[[ Stored data, beginning ]]

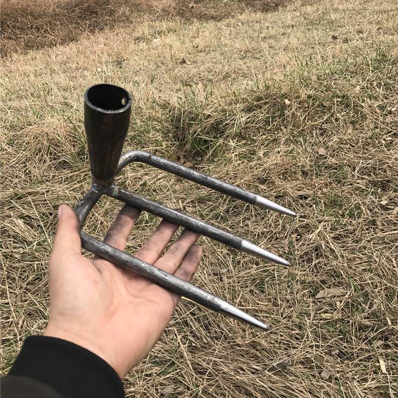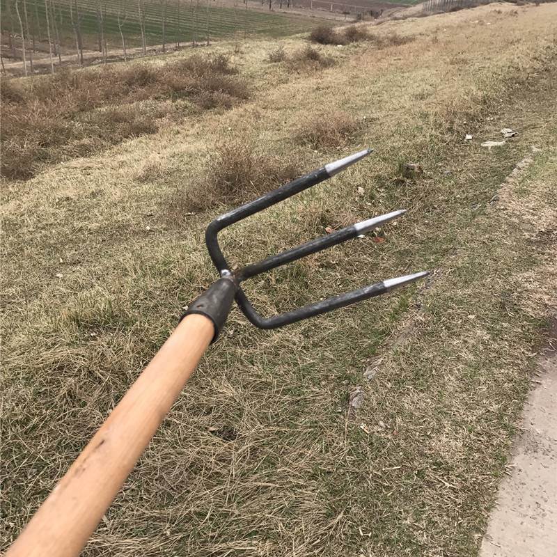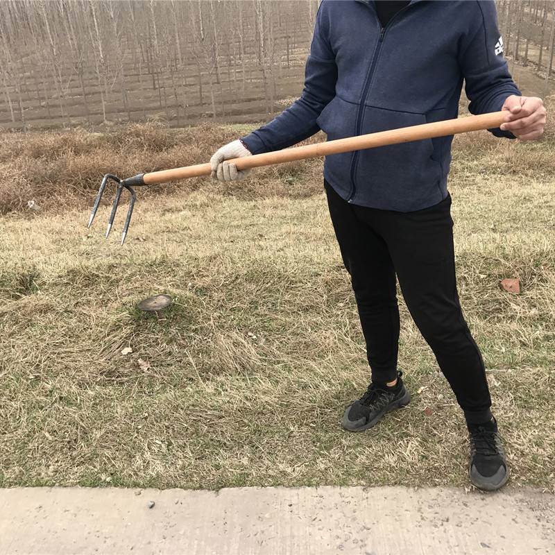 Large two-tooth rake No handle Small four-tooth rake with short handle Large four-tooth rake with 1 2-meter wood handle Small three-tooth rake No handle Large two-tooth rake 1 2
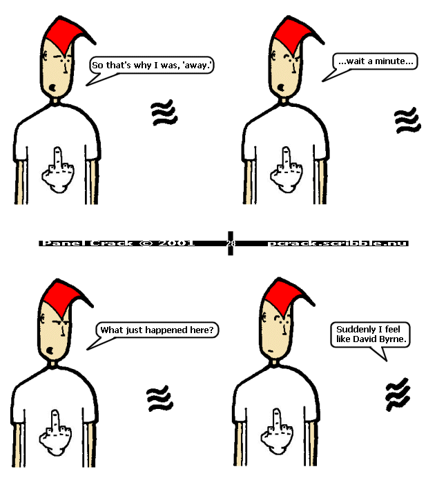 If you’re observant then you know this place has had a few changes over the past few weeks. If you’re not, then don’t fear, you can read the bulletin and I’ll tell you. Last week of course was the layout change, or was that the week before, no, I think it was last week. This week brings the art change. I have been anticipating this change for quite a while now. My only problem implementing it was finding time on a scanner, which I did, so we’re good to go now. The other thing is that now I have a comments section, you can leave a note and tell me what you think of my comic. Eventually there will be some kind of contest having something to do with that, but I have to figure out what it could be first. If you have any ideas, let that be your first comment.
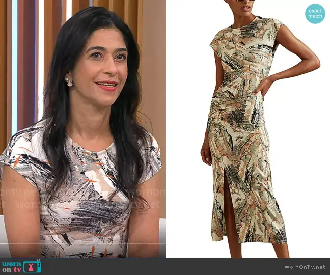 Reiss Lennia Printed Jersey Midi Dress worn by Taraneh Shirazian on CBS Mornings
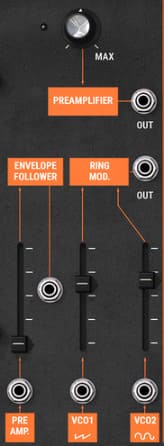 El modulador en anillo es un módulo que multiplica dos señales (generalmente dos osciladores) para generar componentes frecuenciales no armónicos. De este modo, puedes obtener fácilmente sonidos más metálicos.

[[ Stored data, end ]]

• _Problem requirements_
With pictures left out, print the lines of the material above from the line containing "Reiss Lennia Printed" through its last line, exactly and nothing more.

• _Task output_
 Reiss Lennia Printed Jersey Midi Dress worn by Taraneh Shirazian on CBS Mornings
 El modulador en anillo es un módulo que multiplica dos señales (generalmente dos osciladores) para generar componentes frecuenciales no armónicos. De este modo, puedes obtener fácilmente sonidos más metálicos.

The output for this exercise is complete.